Durant tout le Moyen âge, l’Afrique du Nord et l’Espagne ne formaient qu’un seul domaine culturel et les lettrés juifs de l’époque passaient facilement d’une région à l’autre. Ce brassage de population ne permet plus de distinction ethnique entre les Juifs d’Espagne et ceux de l’Afrique du Nord. Cependant, avec l’expulsion des Juifs d’Espagne et du Portugal, après 1492, les juifs de la péninsule ibérique, devenue chrétienne, émigra en partie en Afrique du Nord et composa une communauté distincte par ses origines et son particularisme. On les appelle les megorashim les expulsés, par rapport aux toshabim les autochtones. Grace à ces nouveaux venus qui constituèrent une aristocratie locale, le dialecte judéo-arabe marocain, dans toute sa diversité, est encore truffé d’espagnol dans le domaine lexical.
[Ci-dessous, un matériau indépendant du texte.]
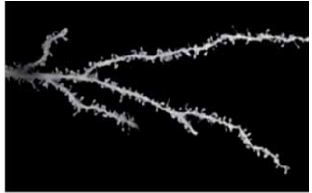
Neurona de una persona joven con autismo. (Foto: Guomei Tang y Mark S. Sonders/ Columbia University).

A pesar de los efectos adversos de la rapamicina, estamos ante un hallazgo esperanzador porque "el hecho de que podamos ver los cambios en el comportamiento que produce sugiere que el autismo puede todavía ser tratable después de que se diagnostica a un niño, si logramos encontrar un medica-
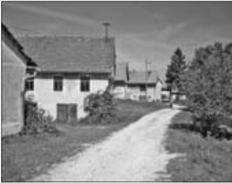
SL. 6. POGLED NA SELO BREZOVAC ŽUMBERAČKI FIG. 6 VIEW OF THE VILLAGE BREZOVAC ŽUMBERAČKI

u požaru je izgorio južni dio sela, odnosno 10 kuća 27 u kojima je živjelo nešto manje od 80 stanovnika. Osim kuća, u južnom dijelu sela izgorjele su sve štale, pojate za mlačenje, 12 komora, 15 svinjaca, jedno tele, jedna svinja, 150 kokoši. 28 Izgorjela je sva hrana (kukuruz, pšenica, mast, krumpiri, zelje), garderoba, sva kola, svi plugovi, bačve za zelje, novac, ormari, škrinje i ostalo. U strašnom plamenu koji se raširio izgorjeli su svi vrtovi koji su se nalazili u blizini kuća, tako da je izgorjela cikla, zelje, konoplja, rani krumpir itd. Kako u selu nije bilo vode, seljaci nisu mogli gasiti požar.
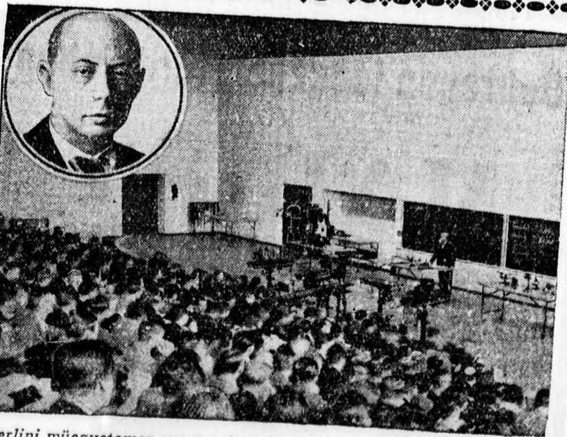
A berlini müegyetemen most nyitották meg az új nagyszabású fizikai kutatóintézetet. A kép az előadótermet ábrázolja, fenn a balsarokban a Nobel-díjas Gustav Hertz professzor, az intézet vezetője.

Hajdúvármegye megkereste Debrecen várost is, hogy eljárását hasonló felirattal támogassa. A jog- és pénzügyi bizottság most kimondta, hogy Hajdúvármegye akcióját nemcsak a legteljesebb mértékben helyesli, hanem kimondandónak tartja, hogy a belügyminisztérium találja meg a módját annak, hogy a közalkalmazásban állók mintegy erkölcsi kényszer alatt, a nem közalkalmazásban állók pedig hazafias kötelességből magyarosítsák meg nevüket.
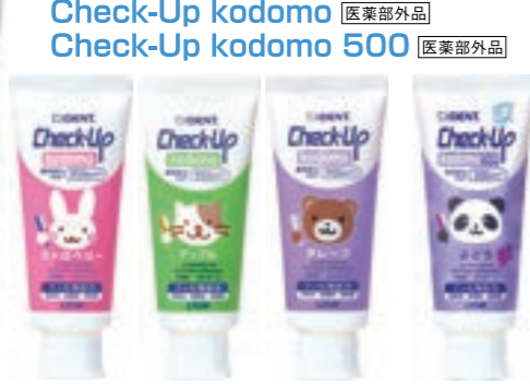
ストロベリー アップル グレープ ぶどう マイルドミント フッ化ナトリウム950ppmF フッ化ナトリウム500ppmF フッ化ナトリウム 1450ppmF
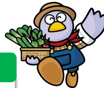
埼玉県のマスコット 「コバトン」

農業近代化資金は、意欲ある農業者の皆様を経営面からバックアップする資金です。 あなたの疑問にコバトンがお答えします！
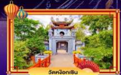
วัดน็อกอิน
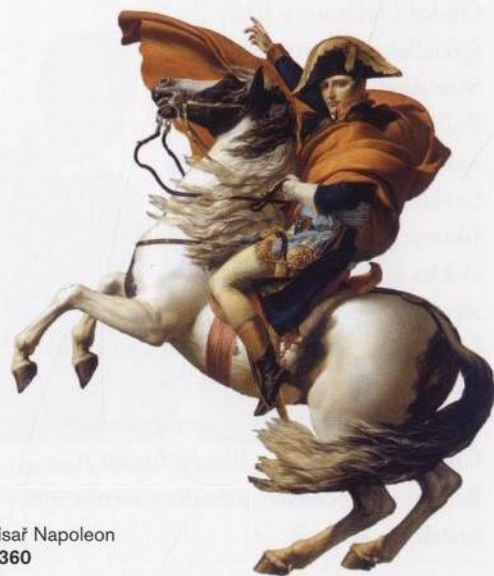
Francouzský císař Napoleon Bonaparte s. 360
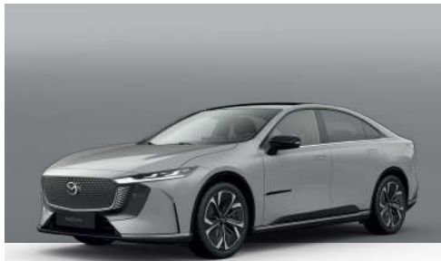
AERO GREY | €850 €714,29
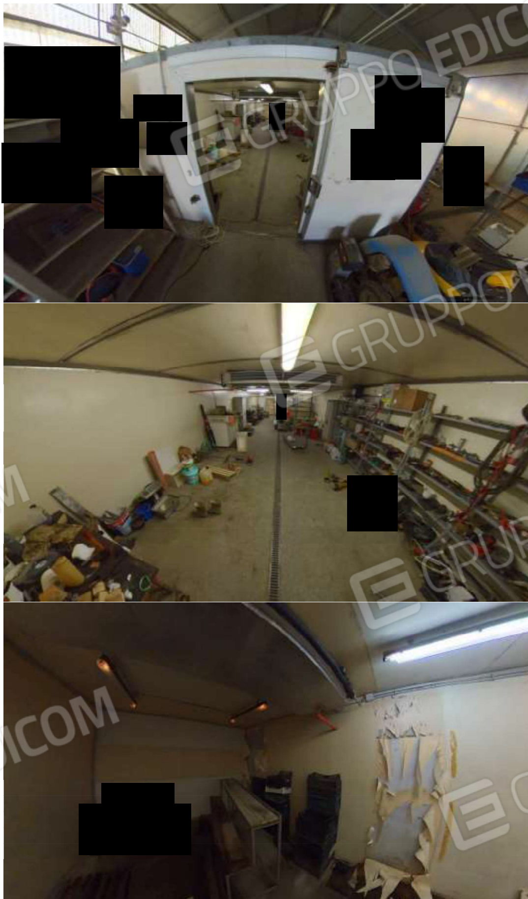
Figura 15 cella frigo Nord-Ovest
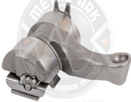
1020-KALİPER HAREKET KOLU
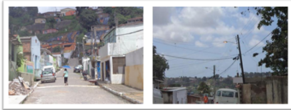
Figura 04 – Caracterização fotográfica do cluster 3.

As características visuais levantadas nas inspeções de campo podem ser resumidas em: Razoável agressividade, razoável quantidade de ligações diretas no meio do vão, razoável quantidade de ligações clandestinas e clientes auto religados, razoável parcela dos transformadores localizada em áreas de favela (baixa renda).
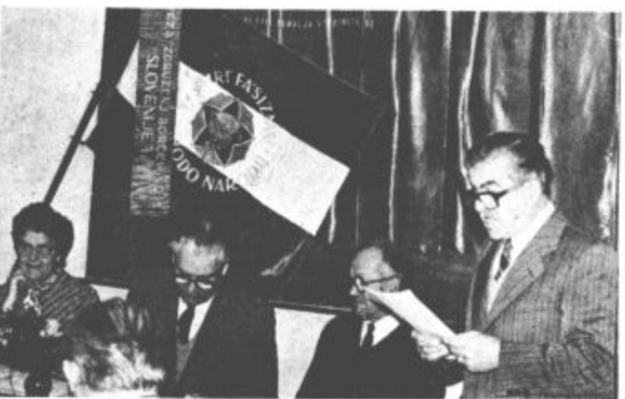
Odkrito so spregovorili o težavah
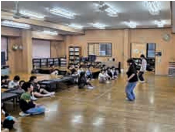
第1笠懸東学童クラブ
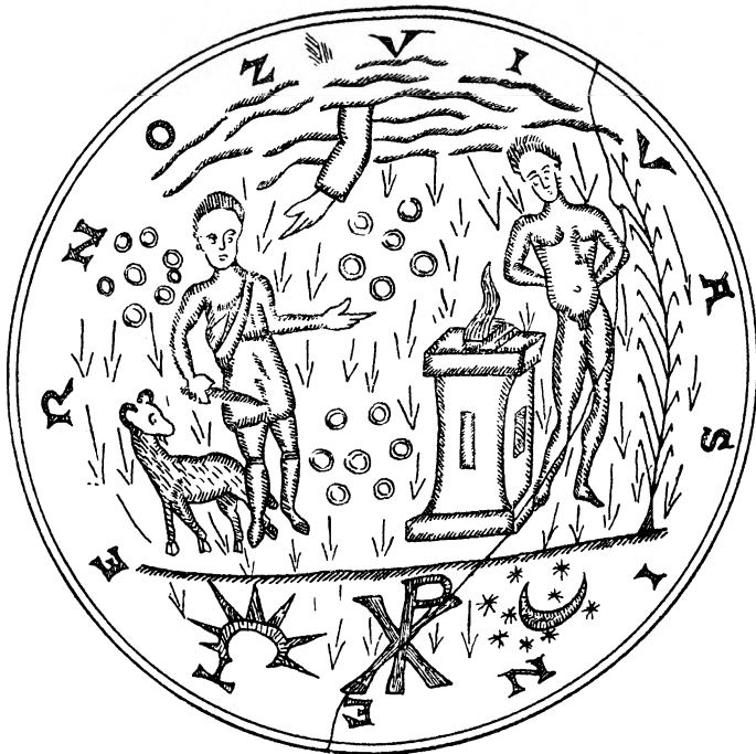
קרקעית של כוס ועליה חרות ציור העקידה
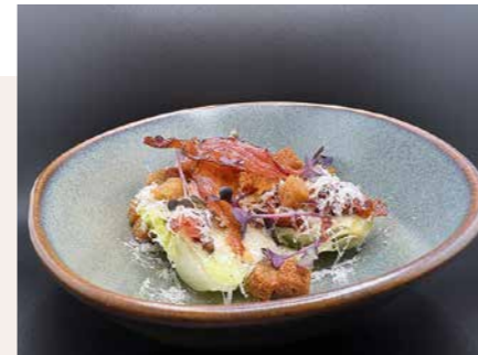
Leichte Küche mit Extranote im Patio
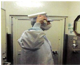
○ローラーをかける。頭
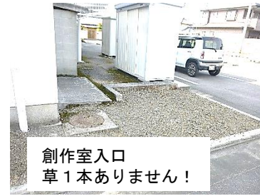
創作室入口 草1本ありません！

公民館で活動されている「寄ろず会」さんの除草作業。毎年ボランティアで公民館周囲をきれいにしてくださる、ありがとうございます。
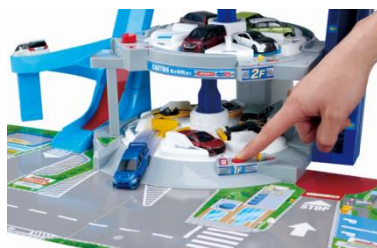
フロアごとに異なる発車ギミック
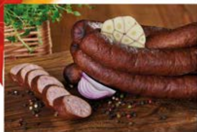
KIEŁBASA PO GÓRALSKU
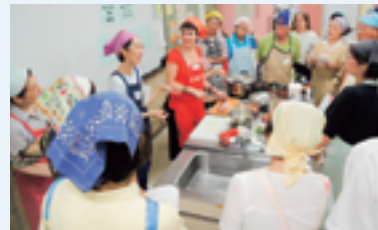
障害者福祉会館 (昨年6月)

フランス出身の方から、お母さん直伝のグラタン・デザート等の作り方を教えてもらいます。
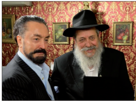
בפגישה עם השיח עדנן אוקטר

השייח עדנן אוקטר אמר שמעולם לא יצא מטורקיה וכשיבוא המשיח הוא יבא גם כן לירושלים... בקרוב ממש, אמן.
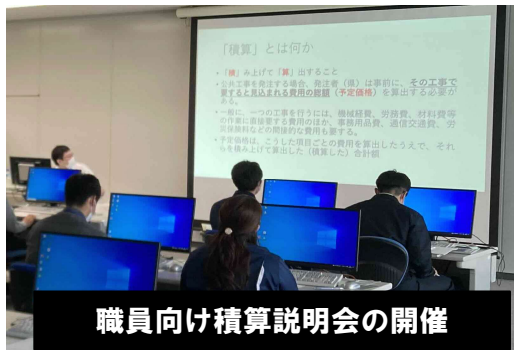
職員向け積算説明会の開催

★経歴 ※()内は担当業務 R5 農林水産部森林環境保全課 (1年) (工事積算システム、基準書等の管理) R2～ 平鹿地域振興局森づくり推進課 (3年) (林道事業、県営林事業) H29～ 山本地域振興局森づくり推進課 (3年) (林道事業、造林補助事業)
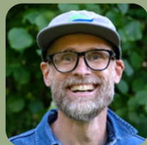
Linus VD Väst kuststiftelsen

”Jag har blivit positiv överraskad av samarbetet Hållbara Vättlefjäll som har lyckats att samla så många olika aktörer från olika samhällssektorer och tre kommuner.”
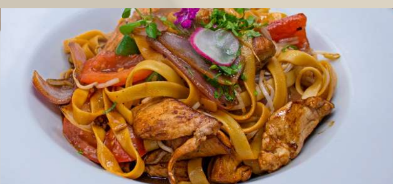
FETUCCINI AL ESTILO INKA Fetuccini cremoso al coral montado con filete a la plancha y brochetitas de pulpo y camarón en salsa anticuchera. $12.000
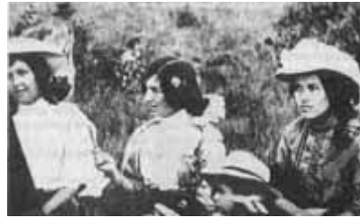
Traje femenino - Tame - 1915
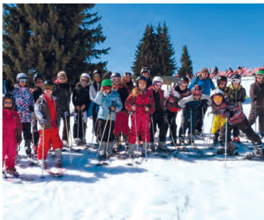
Camp ski du centre de loisirs.

L'activité périscolaire que l'État a octroyée aux communes sans trop de moyens, n'est pas si simple à mettre en œuvre. C'est parfois complexe et alambiqué pour essayer de trouver un fonctionnement dans l'intérêt des enfants. Aussi, je tiens à remercier les élus, le personnel et les bénévoles pour toute l'énergie consacrée à la réussite de cette nouvelle activité.
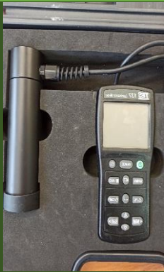
درخشندگی سنج مدل TES 137
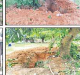
တပ်မတော်စစ်ကြောင်းများက ရန်လင်းမိုင်ရွာအား ရှင်းလင်းစဉ် အကြမ်းဖက် သောင်းကျန်းသူများက နေအိမ်များ၊ ဌာနဆိုင်ရာ အဆောက်အအုံများအား အကာ အကွယ်ပြုလုပ်၍ ခံစစ်ကျင်းများ၊ ဘန်ကာများပြုလုပ်ကာ စစ်ခန်းအဖြစ် အသုံးပြု ထားပုံ။
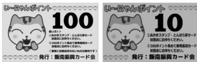
100ポイント 10ポイント

ポイント発行 ポイントは、イベント・物販・サービス利用等、加盟店が独自に決めたルールに基づいて発行。
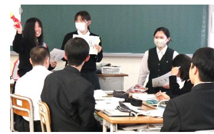
「授業フェア」 2年言語文化の一幕です
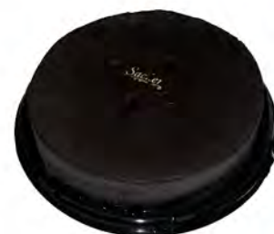
Tarta Sacher ref: 1297

Jusqu’au XIXe siècle, on continua même de traduire dans des textes du droit juif, certains termes de l’hébreu en espagnol, pour qu’ils soient compris par le lecteur.
Bien avant le protectorat espagnol de 1912, l’Alliance Israélite Universelle établit des écoles françaises au nord du Maroc.  A Tétouan en 1862, à Larache en 1864, à Tanger en 1902. Cet avantage qu’avait la communauté juive du Nord du Maroc dans le domaine de la francisation scolaire entraina, après la guerre, une émigration vers la ville moderne de Casablanca. C’est ainsi que l’on peut trouver des originaires de Tétouan, Tanger, Ceuta, Larache et Melilla à la tète de la plupart des institutions sociales et culturelles juives à Casablanca. Citons entre autres S. D. Levy qui fonda la plus parts des institutions sociales et éducatives de la communauté, Alfonso Sabbah qui avec Jo Lasry et Daniel Levy étaient à  la tête de l’association Charles Netter qui regroupait en son sein tous les Mouvements de Jeunesse ; l’écrivain Carlos de Nesry ; le ministre du premier gouvernement marocain le docteur Leon Benzaquen, les hommes politiques de gauche : Meyer Toledeno et Marc Sabbah,, les militants communistes Sam Benharroch, Ralf Benharroch-Maudi, Abraham Serfati et Jo Bendellac, Le juristes qui défendaient la cause juive Helene Cazes Benattar, Akiba Benharroch et Salomon Benchabat. Et enfin deux personnalités juives restées dans l’ombre : Sam Benazeraf  et Isaac Cohen Olivar,  qui grâce à leur médiation, fut conclu l’accord de compromis pour l’évacuation des Juifs du Maroc, en aout 1961.